• _Data below_:
|---|

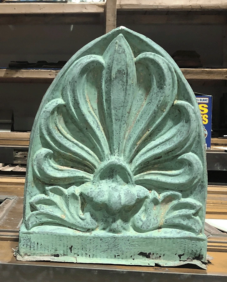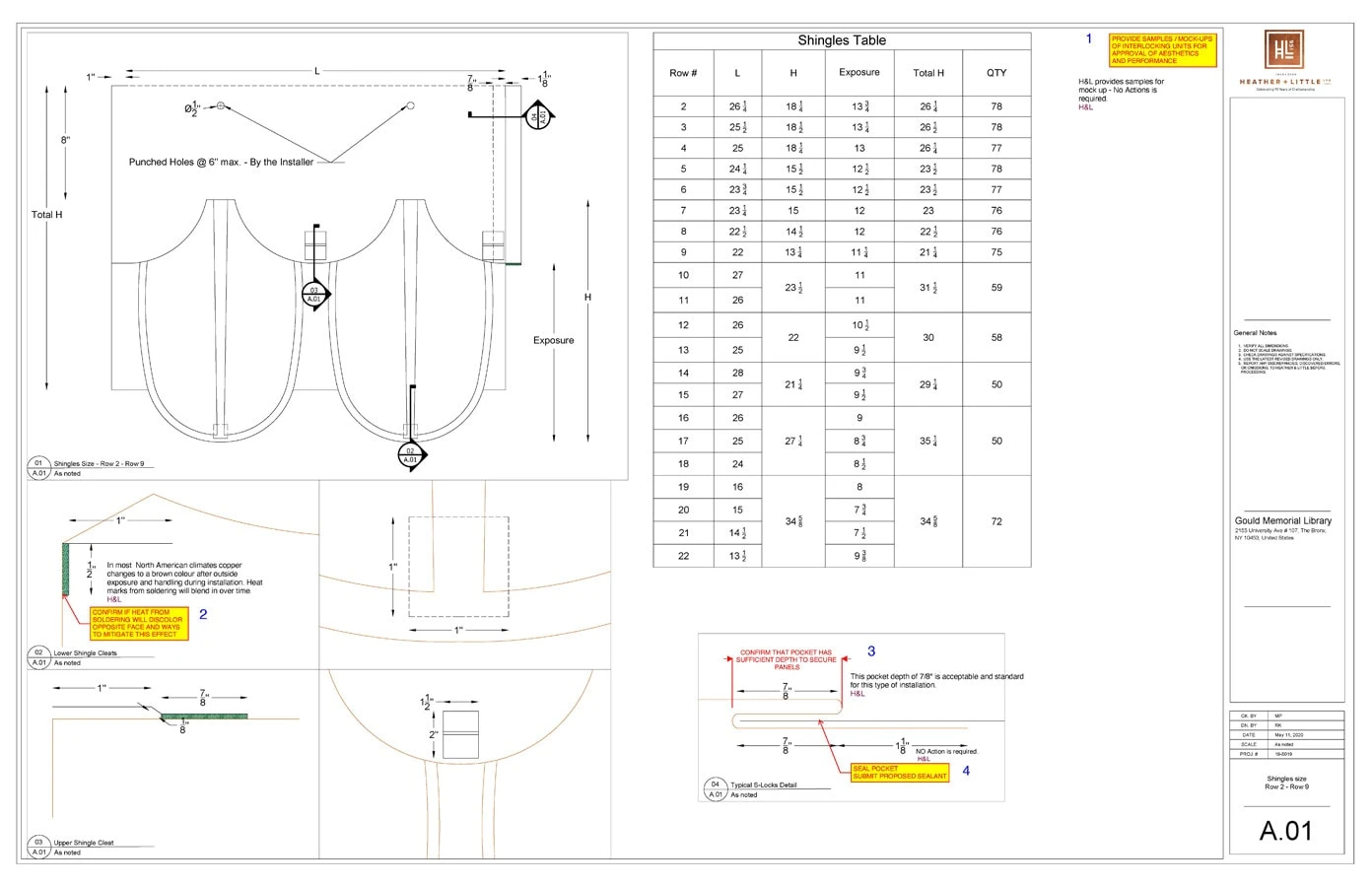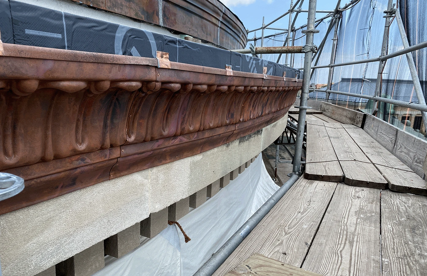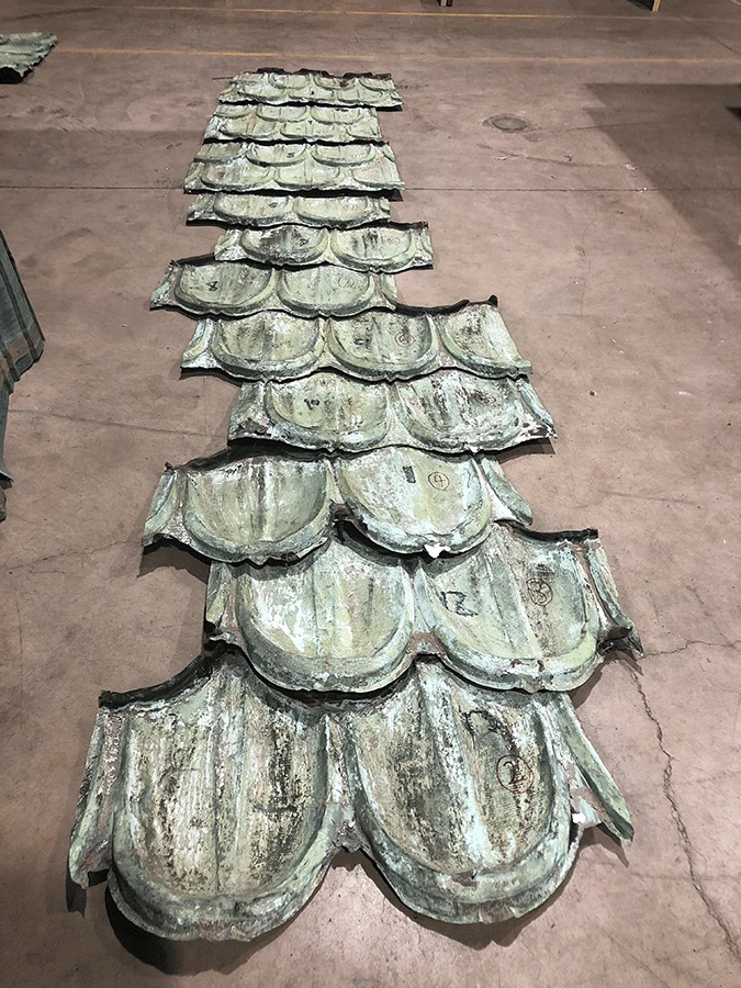 This historic roof restoration project called for a demanding combination of stamped copper elements requiring many moulds and dies while preserving the history of the Gould Memorial Library. Work was executed using both traditional and modern techniques. Dozens of different shingle configurations had to be produced, from singles to various multiples, and the sizes of the shingles ranged from 10 inches to 17.5 inches long. Original decorative copper work requiring replacement included 357 of the original 476 antefixae, as well as Vitruvian wave scrolling, drum stepped fascia, and leaf-patterned cornice. All the pieces needed to be created as samples, sent to New York for approval, and then produced to extremely demanding deadlines. Once the scaffolding goes up to retrieve reference examples, the clock starts ticking to deliver the finished product.
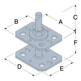 Pied de poteau mini réglable, hauteur (B) : 30 à 90mm, cdt : 10 pièces - Réf. APB7090/100_10
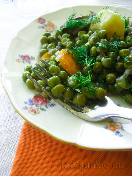 Peas are in season now and one of my absolute favourite vegetables, but until now I would only cook them in two ways: with some spring onions and dill and with artichokes. However, fate had other plans for my cooking repertoire. I was walking down the isle with all the frozen goods looking for some phyllo dough, when I spotted in the frozen vegetable section a  bag containing ready-to-cook meal I had never heard before: peas with aubergines. I actually had all the ingredients at home, so I decided to give it a try as soon as I got back from the supermarket.

|---|

• _Required action_:
Every line of the data above should be returned exactly, with the pictures removed.

• _Answer to the exercise_:
 This historic roof restoration project called for a demanding combination of stamped copper elements requiring many moulds and dies while preserving the history of the Gould Memorial Library. Work was executed using both traditional and modern techniques. Dozens of different shingle configurations had to be produced, from singles to various multiples, and the sizes of the shingles ranged from 10 inches to 17.5 inches long. Original decorative copper work requiring replacement included 357 of the original 476 antefixae, as well as Vitruvian wave scrolling, drum stepped fascia, and leaf-patterned cornice. All the pieces needed to be created as samples, sent to New York for approval, and then produced to extremely demanding deadlines. Once the scaffolding goes up to retrieve reference examples, the clock starts ticking to deliver the finished product.
 Pied de poteau mini réglable, hauteur (B) : 30 à 90mm, cdt : 10 pièces - Réf. APB7090/100_10
 Peas are in season now and one of my absolute favourite vegetables, but until now I would only cook them in two ways: with some spring onions and dill and with artichokes. However, fate had other plans for my cooking repertoire. I was walking down the isle with all the frozen goods looking for some phyllo dough, when I spotted in the frozen vegetable section a  bag containing ready-to-cook meal I had never heard before: peas with aubergines. I actually had all the ingredients at home, so I decided to give it a try as soon as I got back from the supermarket.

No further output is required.